TASK REQUIREMENTS:
Leave out the pictures and transcribe every entry below exactly.

Records drawn from a dataset:
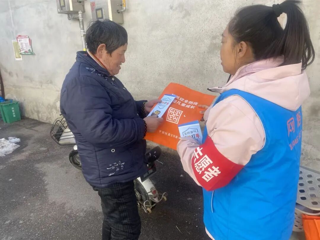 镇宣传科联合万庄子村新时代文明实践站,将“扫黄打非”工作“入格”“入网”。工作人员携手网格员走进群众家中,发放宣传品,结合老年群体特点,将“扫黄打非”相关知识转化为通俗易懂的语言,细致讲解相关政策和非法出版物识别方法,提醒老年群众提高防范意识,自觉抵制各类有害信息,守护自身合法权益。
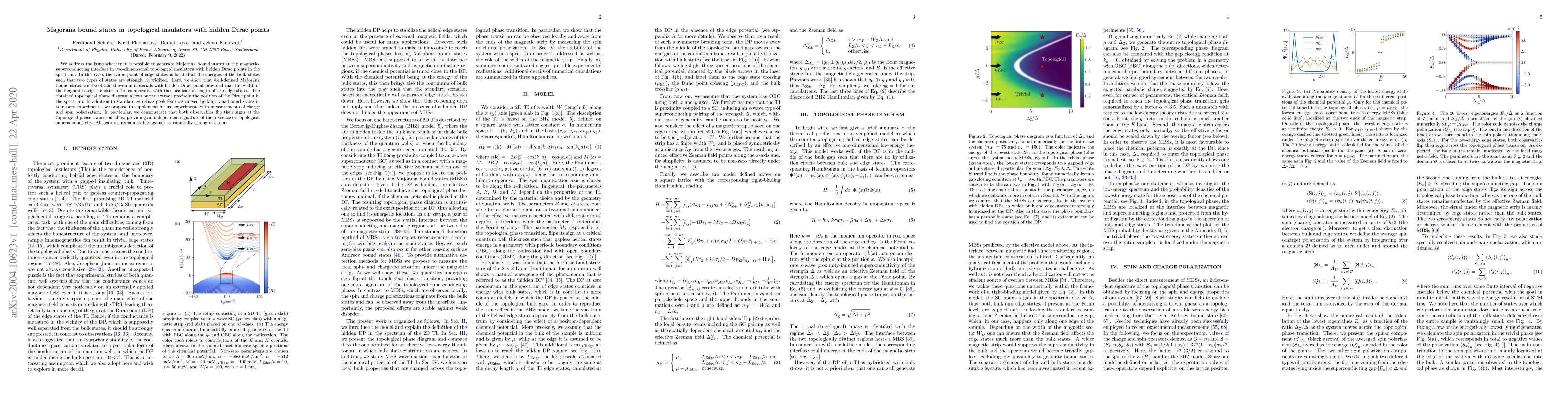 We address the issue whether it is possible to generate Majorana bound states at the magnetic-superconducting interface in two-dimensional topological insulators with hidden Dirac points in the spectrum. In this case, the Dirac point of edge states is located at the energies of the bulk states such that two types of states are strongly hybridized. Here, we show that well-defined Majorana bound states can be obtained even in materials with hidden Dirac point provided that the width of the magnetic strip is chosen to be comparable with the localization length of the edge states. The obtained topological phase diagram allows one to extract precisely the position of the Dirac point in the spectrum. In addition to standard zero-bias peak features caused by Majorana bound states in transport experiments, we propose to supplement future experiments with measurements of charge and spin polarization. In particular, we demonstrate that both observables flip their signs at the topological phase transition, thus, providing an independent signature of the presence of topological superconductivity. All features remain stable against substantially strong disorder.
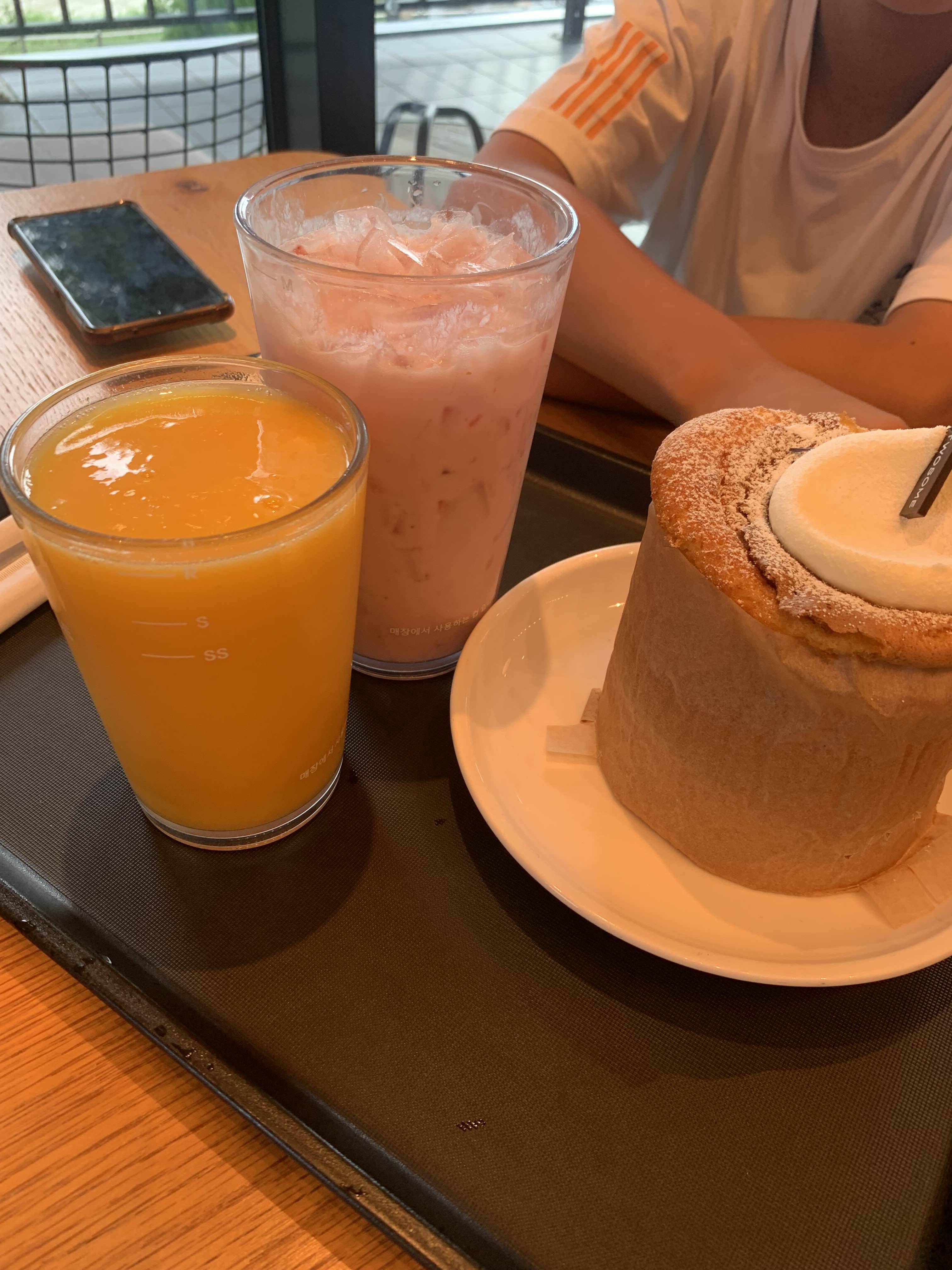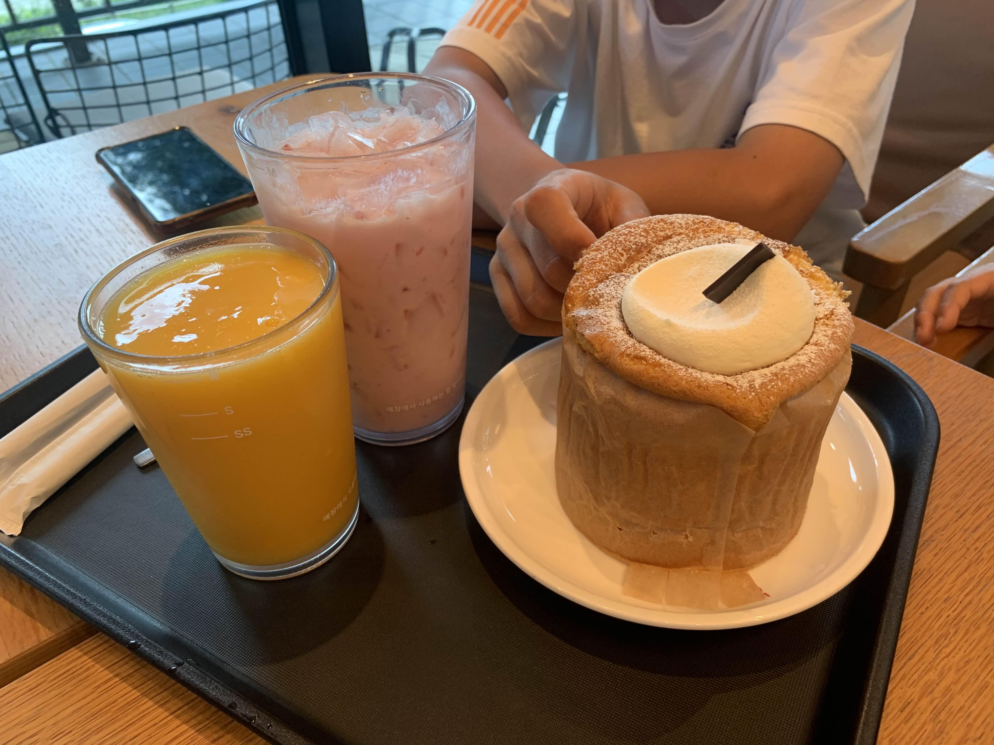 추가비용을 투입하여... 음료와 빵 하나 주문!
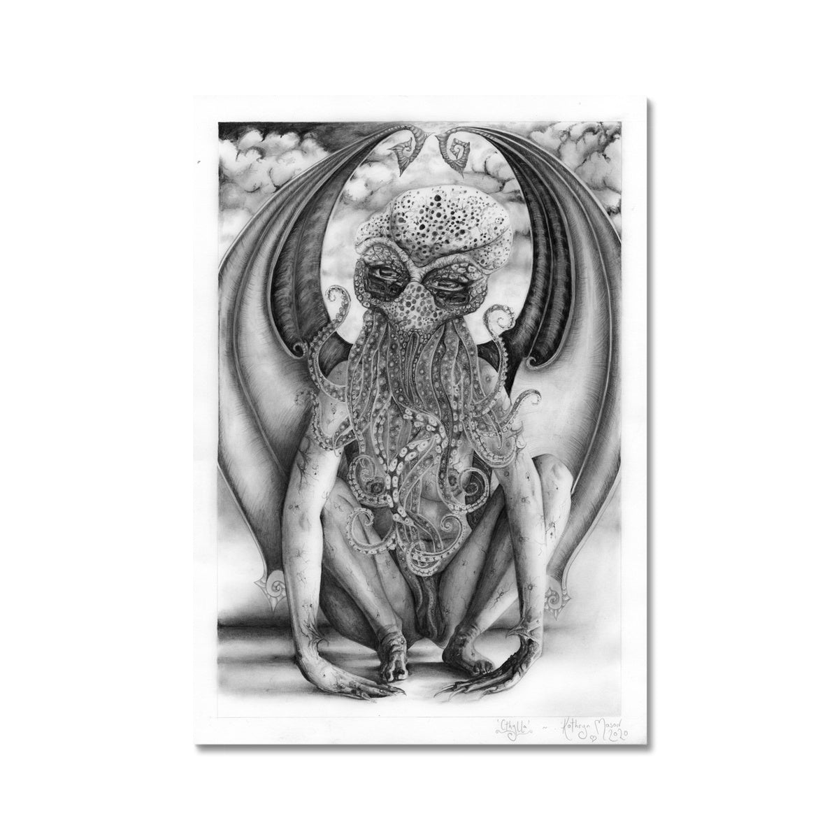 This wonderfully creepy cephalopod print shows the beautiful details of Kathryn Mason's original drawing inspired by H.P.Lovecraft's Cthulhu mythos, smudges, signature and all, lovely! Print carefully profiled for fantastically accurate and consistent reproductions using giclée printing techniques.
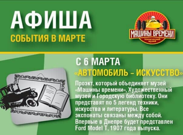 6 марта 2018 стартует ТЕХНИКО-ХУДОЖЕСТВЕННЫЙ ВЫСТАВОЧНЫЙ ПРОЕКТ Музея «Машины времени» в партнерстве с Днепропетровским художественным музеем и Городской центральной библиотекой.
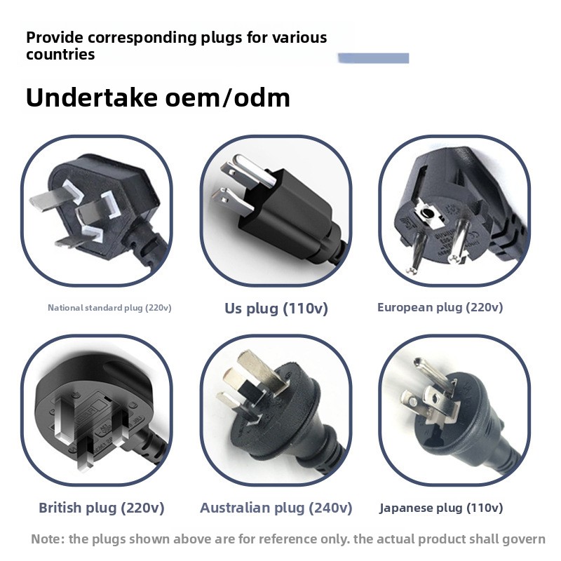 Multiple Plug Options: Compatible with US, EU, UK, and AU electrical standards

OUTPUT:
 镇宣传科联合万庄子村新时代文明实践站,将“扫黄打非”工作“入格”“入网”。工作人员携手网格员走进群众家中,发放宣传品,结合老年群体特点,将“扫黄打非”相关知识转化为通俗易懂的语言,细致讲解相关政策和非法出版物识别方法,提醒老年群众提高防范意识,自觉抵制各类有害信息,守护自身合法权益。
 We address the issue whether it is possible to generate Majorana bound states at the magnetic-superconducting interface in two-dimensional topological insulators with hidden Dirac points in the spectrum. In this case, the Dirac point of edge states is located at the energies of the bulk states such that two types of states are strongly hybridized. Here, we show that well-defined Majorana bound states can be obtained even in materials with hidden Dirac point provided that the width of the magnetic strip is chosen to be comparable with the localization length of the edge states. The obtained topological phase diagram allows one to extract precisely the position of the Dirac point in the spectrum. In addition to standard zero-bias peak features caused by Majorana bound states in transport experiments, we propose to supplement future experiments with measurements of charge and spin polarization. In particular, we demonstrate that both observables flip their signs at the topological phase transition, thus, providing an independent signature of the presence of topological superconductivity. All features remain stable against substantially strong disorder.
 추가비용을 투입하여... 음료와 빵 하나 주문!
 This wonderfully creepy cephalopod print shows the beautiful details of Kathryn Mason's original drawing inspired by H.P.Lovecraft's Cthulhu mythos, smudges, signature and all, lovely! Print carefully profiled for fantastically accurate and consistent reproductions using giclée printing techniques.
 6 марта 2018 стартует ТЕХНИКО-ХУДОЖЕСТВЕННЫЙ ВЫСТАВОЧНЫЙ ПРОЕКТ Музея «Машины времени» в партнерстве с Днепропетровским художественным музеем и Городской центральной библиотекой.
 Multiple Plug Options: Compatible with US, EU, UK, and AU electrical standards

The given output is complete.